What is Dry Eye?
Dry eye means that your eyes do not produce enough tears or that you produce tears that do not have the proper chemical composition or there is a dysfunction in the tear layer. The tears your eyes produce are necessary for overall eye health and clear vision.
Is dry eye really that big of a problem?
An estimated 40 million people in the U.S. are affected by dry eye. Over 500 million dollars are spent on dry eye symptom relief annually in the U.S. Symptoms of dry eye can range from mild to severe. If you are one of the people that is experiencing severe dry eye, then you know it can be disabling.
What causes dry eye?
There are many causes for dry eye. Often, dry eye is part of the natural aging process. It can also be caused by poor blinking or eyelid problems, medications like antihistamines, oral contraceptives and antidepressants, a dry climate, wind and dust, general health problems like arthritis or Sjogren’s syndrome and chemical or thermal burns to your eyes.
What are the symptoms of dry eye?
If you have dry eye, your symptoms may include irritated, scratchy, dry, uncomfortable or red eyes, a burning sensation or feeling of something foreign in your eyes and blurred vision.
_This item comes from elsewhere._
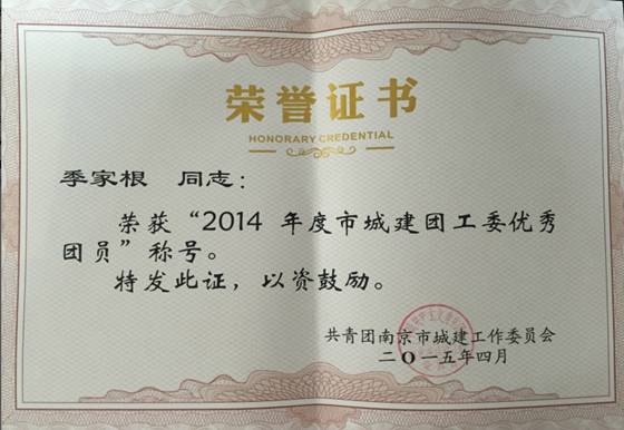 近日,南京城建團工委下發(fā)文件,對2014年度南京市城建系統(tǒng)先進集體和個人進行表彰。我公司華南公司團支部榮獲“2014年度市城建團工委先進團(總)支部”稱號;南京工程公司團支部書記周虎榮獲“2014年度市城建團工委優(yōu)秀團干部”稱號;國外工程公司季家根榮獲“2014年度市城建團工委優(yōu)秀團員稱號”。
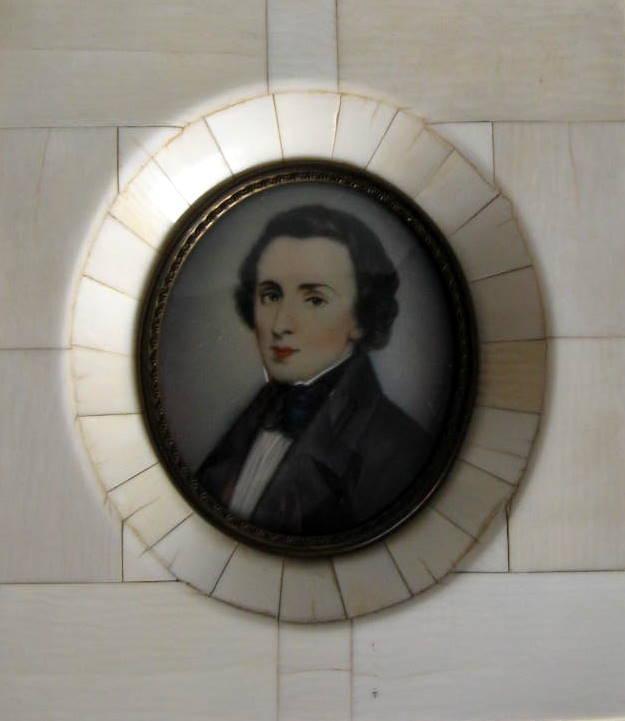 Unbekannter Miniaturkünstler, 19/20. Jahrhundert: Portrait von Frédéric Chopin. Mit Rahmen aus Bein. 12 x 11 cm.

Excessive dry eyes may damage eye tissue, scar your cornea (the front covering of your eyes) and impair vision and make contact lens wear difficult. If you have symptoms of dry eye, call our office for a dry eye evaluation.
What if my eyes water all the time, is this dry eye?
The majority of those with dry eye symptoms actually don’t have “dry eye”. They have a dysfunction of the tear layer. Consider the structure of the tears. Like a house, the tears must have a foundation, walls and roof or it fails to function. The foundation of the tears is a mucin layer that integrates with the corneal tissue. This allows the aqueous which is a viscoelastic moisture layer to adhere to the corneal tissue and provide a smooth refractive surface required for clear vision. This aqueous layer acts as the walls. Intermixed and overlying the aqueous is the oily layer called the meibum which acts as the roof of the tear structure. If a hole forms in the roof of your house then damage occurs. If there is dysfunction within this oily layer such that there is a ‘hole’ in this roof, then the aqueous layer evaporates quickly resulting in discomfort and dry eye symptoms which signals to the lacrimal gland to send more tears. Because there is nothing wrong with the lacrimal gland more tears are produced, but in the wrong proportion and your eye weeps.
How do you treat dry eye?
Dry eye cannot be cured, but we can prescribe treatment so your eyes remain healthy and your vision is unaffected. Treatment depends on the cause. Some treatments that we might prescribe include:
- Blinking more frequently.
- Increasing humidity at home or work.
- Using artificial tears and using a moisturizing ointment, especially at bedtime.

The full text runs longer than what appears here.